**Work to be completed**
Every picture should be left out, but the lines below must be repeated exactly.

**Given data**
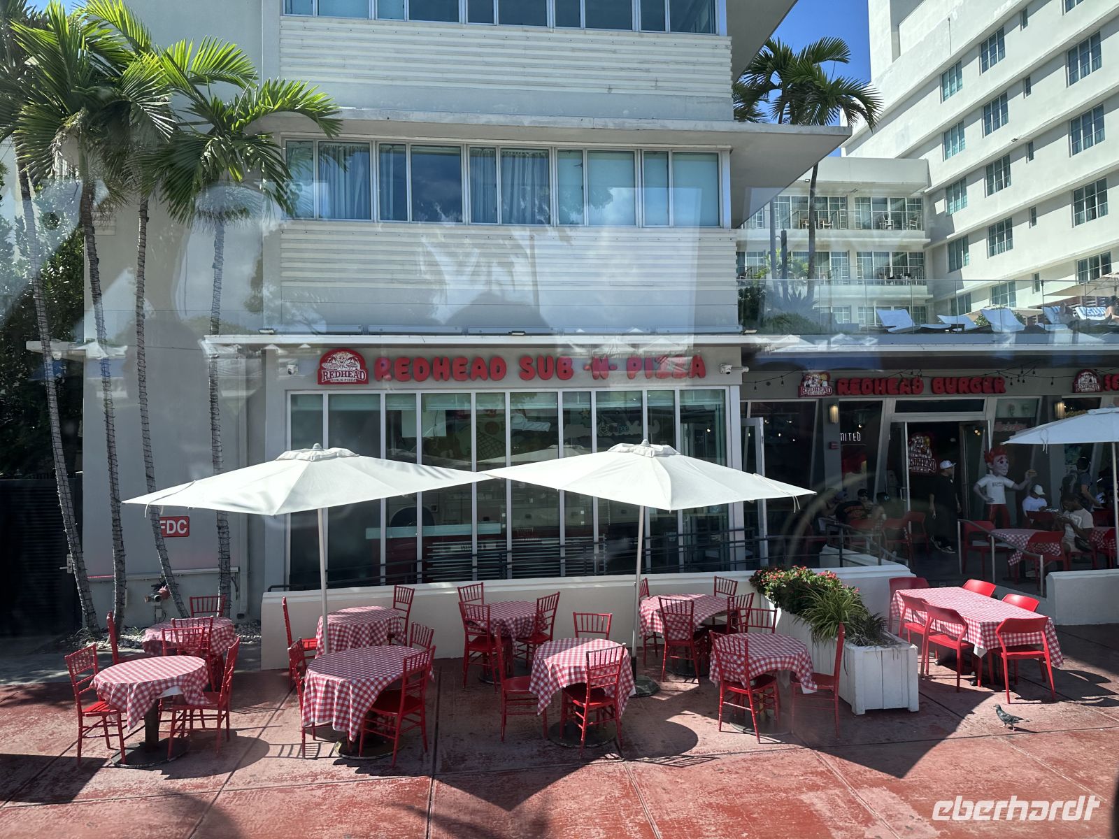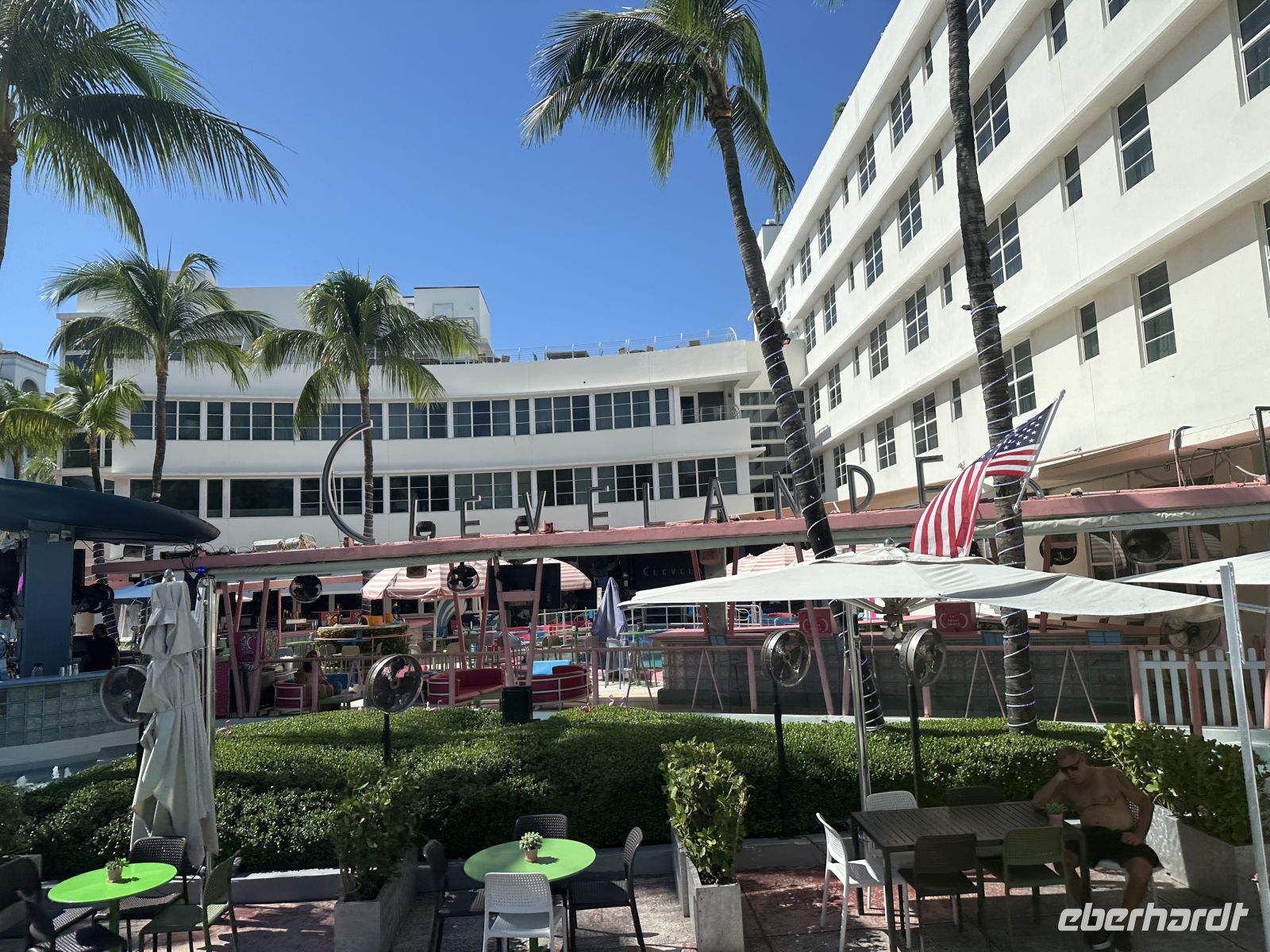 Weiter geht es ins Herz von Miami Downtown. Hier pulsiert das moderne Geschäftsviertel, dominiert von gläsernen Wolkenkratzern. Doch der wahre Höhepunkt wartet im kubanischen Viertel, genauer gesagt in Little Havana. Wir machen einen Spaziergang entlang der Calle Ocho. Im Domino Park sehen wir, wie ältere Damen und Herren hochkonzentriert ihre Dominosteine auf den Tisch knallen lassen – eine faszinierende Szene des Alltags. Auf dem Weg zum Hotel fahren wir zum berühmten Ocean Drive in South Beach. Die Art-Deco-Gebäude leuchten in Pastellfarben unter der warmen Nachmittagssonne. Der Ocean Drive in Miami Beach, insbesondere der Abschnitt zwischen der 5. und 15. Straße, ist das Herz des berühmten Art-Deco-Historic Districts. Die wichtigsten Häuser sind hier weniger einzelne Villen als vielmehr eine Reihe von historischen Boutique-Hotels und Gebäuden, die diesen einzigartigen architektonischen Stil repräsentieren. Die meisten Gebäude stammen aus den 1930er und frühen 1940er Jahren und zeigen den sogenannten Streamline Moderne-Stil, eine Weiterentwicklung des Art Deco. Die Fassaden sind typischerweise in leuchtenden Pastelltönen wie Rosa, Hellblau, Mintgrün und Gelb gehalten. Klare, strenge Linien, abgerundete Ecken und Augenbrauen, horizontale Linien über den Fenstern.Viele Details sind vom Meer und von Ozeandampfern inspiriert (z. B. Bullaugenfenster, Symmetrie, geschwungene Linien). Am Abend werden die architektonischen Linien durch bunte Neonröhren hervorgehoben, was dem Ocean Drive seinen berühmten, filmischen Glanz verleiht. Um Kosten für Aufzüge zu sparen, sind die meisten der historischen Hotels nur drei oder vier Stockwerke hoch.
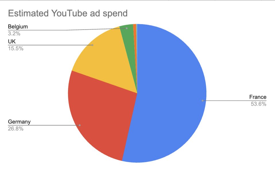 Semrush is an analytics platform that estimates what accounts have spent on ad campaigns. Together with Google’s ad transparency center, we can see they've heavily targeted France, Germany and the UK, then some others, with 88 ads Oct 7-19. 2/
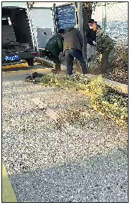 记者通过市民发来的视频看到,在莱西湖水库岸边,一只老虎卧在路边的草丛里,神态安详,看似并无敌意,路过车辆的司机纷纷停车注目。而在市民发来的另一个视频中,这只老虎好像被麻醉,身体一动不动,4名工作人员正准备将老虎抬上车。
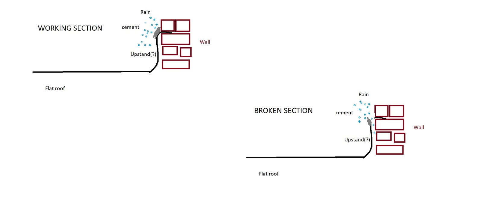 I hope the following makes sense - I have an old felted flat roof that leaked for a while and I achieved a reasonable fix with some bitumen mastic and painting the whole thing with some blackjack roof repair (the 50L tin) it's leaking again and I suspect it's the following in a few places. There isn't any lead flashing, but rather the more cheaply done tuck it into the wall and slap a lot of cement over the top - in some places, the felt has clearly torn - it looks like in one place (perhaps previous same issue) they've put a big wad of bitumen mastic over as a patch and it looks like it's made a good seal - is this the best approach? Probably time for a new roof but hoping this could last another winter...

**Response**
 Weiter geht es ins Herz von Miami Downtown. Hier pulsiert das moderne Geschäftsviertel, dominiert von gläsernen Wolkenkratzern. Doch der wahre Höhepunkt wartet im kubanischen Viertel, genauer gesagt in Little Havana. Wir machen einen Spaziergang entlang der Calle Ocho. Im Domino Park sehen wir, wie ältere Damen und Herren hochkonzentriert ihre Dominosteine auf den Tisch knallen lassen – eine faszinierende Szene des Alltags. Auf dem Weg zum Hotel fahren wir zum berühmten Ocean Drive in South Beach. Die Art-Deco-Gebäude leuchten in Pastellfarben unter der warmen Nachmittagssonne. Der Ocean Drive in Miami Beach, insbesondere der Abschnitt zwischen der 5. und 15. Straße, ist das Herz des berühmten Art-Deco-Historic Districts. Die wichtigsten Häuser sind hier weniger einzelne Villen als vielmehr eine Reihe von historischen Boutique-Hotels und Gebäuden, die diesen einzigartigen architektonischen Stil repräsentieren. Die meisten Gebäude stammen aus den 1930er und frühen 1940er Jahren und zeigen den sogenannten Streamline Moderne-Stil, eine Weiterentwicklung des Art Deco. Die Fassaden sind typischerweise in leuchtenden Pastelltönen wie Rosa, Hellblau, Mintgrün und Gelb gehalten. Klare, strenge Linien, abgerundete Ecken und Augenbrauen, horizontale Linien über den Fenstern.Viele Details sind vom Meer und von Ozeandampfern inspiriert (z. B. Bullaugenfenster, Symmetrie, geschwungene Linien). Am Abend werden die architektonischen Linien durch bunte Neonröhren hervorgehoben, was dem Ocean Drive seinen berühmten, filmischen Glanz verleiht. Um Kosten für Aufzüge zu sparen, sind die meisten der historischen Hotels nur drei oder vier Stockwerke hoch.
 Semrush is an analytics platform that estimates what accounts have spent on ad campaigns. Together with Google’s ad transparency center, we can see they've heavily targeted France, Germany and the UK, then some others, with 88 ads Oct 7-19. 2/
 记者通过市民发来的视频看到,在莱西湖水库岸边,一只老虎卧在路边的草丛里,神态安详,看似并无敌意,路过车辆的司机纷纷停车注目。而在市民发来的另一个视频中,这只老虎好像被麻醉,身体一动不动,4名工作人员正准备将老虎抬上车。
 I hope the following makes sense - I have an old felted flat roof that leaked for a while and I achieved a reasonable fix with some bitumen mastic and painting the whole thing with some blackjack roof repair (the 50L tin) it's leaking again and I suspect it's the following in a few places. There isn't any lead flashing, but rather the more cheaply done tuck it into the wall and slap a lot of cement over the top - in some places, the felt has clearly torn - it looks like in one place (perhaps previous same issue) they've put a big wad of bitumen mastic over as a patch and it looks like it's made a good seal - is this the best approach? Probably time for a new roof but hoping this could last another winter...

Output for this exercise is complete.